CAM6+DART Reanalysis and Surface Forcings

The CAM6+DART (Community Atmospheric Model version 6 + Data Assimilation Research Testbed) Reanalysis is an 80-member global atmospheric reanalysis with 6 hourly output from 2011-2020 on an approximately 1° lon-lat grid. This ensemble has two major features making it useful for model development and research. First, the 80 member ensemble is constructed to effectively span the atmospheric uncertainty remaining after assimilating observations. Second, the reanalysis provides all necessary variables to perform hindcast and data assimilation studies in each of the component models of the Community Earth System Model version 2 (CESM2).
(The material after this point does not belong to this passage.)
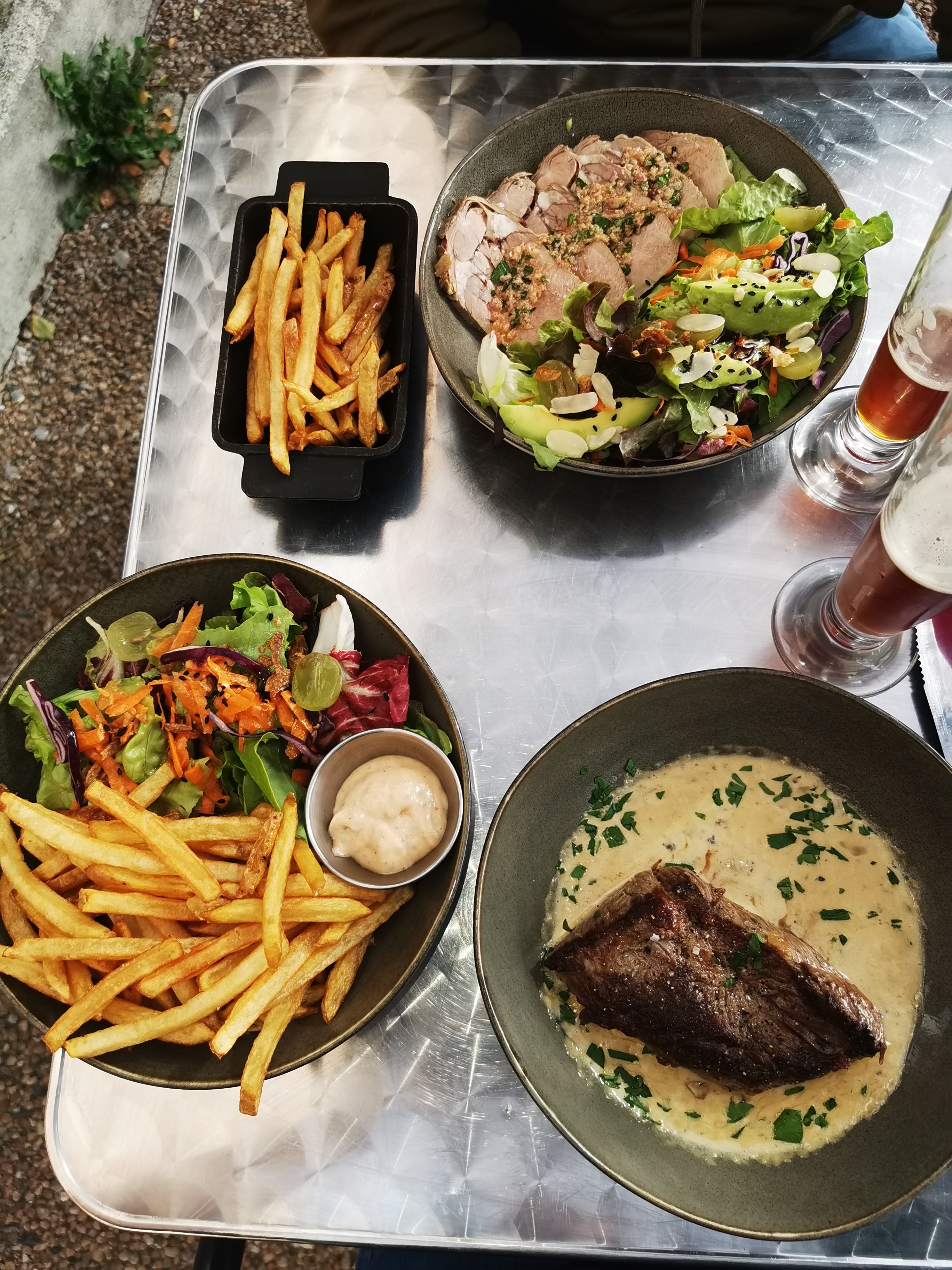 Franchement déplorable.Steak du burger cru et froid,salade moitié flétrie.Frites trop cuites et pas digestes du tout avec pelures de pommes de terre dedans sous concept antigaspi. Suprême de volaille jaune fluo. Vaisselle sale. Pas de sel et poivre a table. Pas de cendrier . L'eau et la bière avaient un sale goût. Et le final...cuistot qui passe un coup de fil devant nous a la fin du repas en crachant par terre. La totale!

This reanalysis assimilates atmospheric observations of temperature, wind, and refractivity (a proxy for density) into the CAM6 atmospheric model using ensemble Kalman filter data assimilation.

Key Strengths

A large ensemble size of 80 allows for the provision of the ensemble mean ("best estimate") and standard deviation, which enables an assessment of observationally-constrained uncertainty.

The resulting 6-hourly atmospheric output has all necessary forcing variables for the CESM 2 and 3 component models, making further research that requires atmospheric forcing easy to implement.

The reanalysis also provides the data assimilation scheme's estimates of observational uncertainty, providing an additional tool to understand uncertainty.

The data set includes weekly restart file sets that are consistent with observations and can be used as hindcast initial conditions for the atmosphere, land, and sea ice.

Key Limitations

The CAM6+DART Reanalysis covers only 10 years (2011-2020). The CAM4+DART Reanalysis adds another previous decade, but is limited to the atmosphere-to-surface forcing files and the resolution is ~2 degrees, the underlying atmospheric model is different, and there is a discontinuity at the time boundary.

CESM2.1 (CAM6) was developed as a climate model, rather than a short-term forecast model, so it may be missing some features which other reanalyses use to improve their reanalyses of weather-scale atmospheric variability.

The number of observations assimilated is smaller than used by the operational centers. Variables assimilated are temperature and wind speed from radiosondes, aircraft, and satellites, as well as GPS radio occultation profiles of refractivity which provide an estimate of air density.

Please cite data sources, following the data providers' instructions

Suggested Data Citation

Raeder, K., Hoar, T.J., El Gharamti, M. et al. A new CAM6 + DART reanalysis with surface forcing from CAM6 to other CESM models.
Sci Rep 11, 16384 (2021). https://doi.org/10.1038/s41598-021-92927-0

Dataset DOIs

None

Hosted Climate Index Files

None

Data Access

NCAR GDEX access

Usage Restrictions

None

Expert Developer Guidance

The following was submitted by Kevin Raeder, April, 2026:

What are the key strengths of this data set?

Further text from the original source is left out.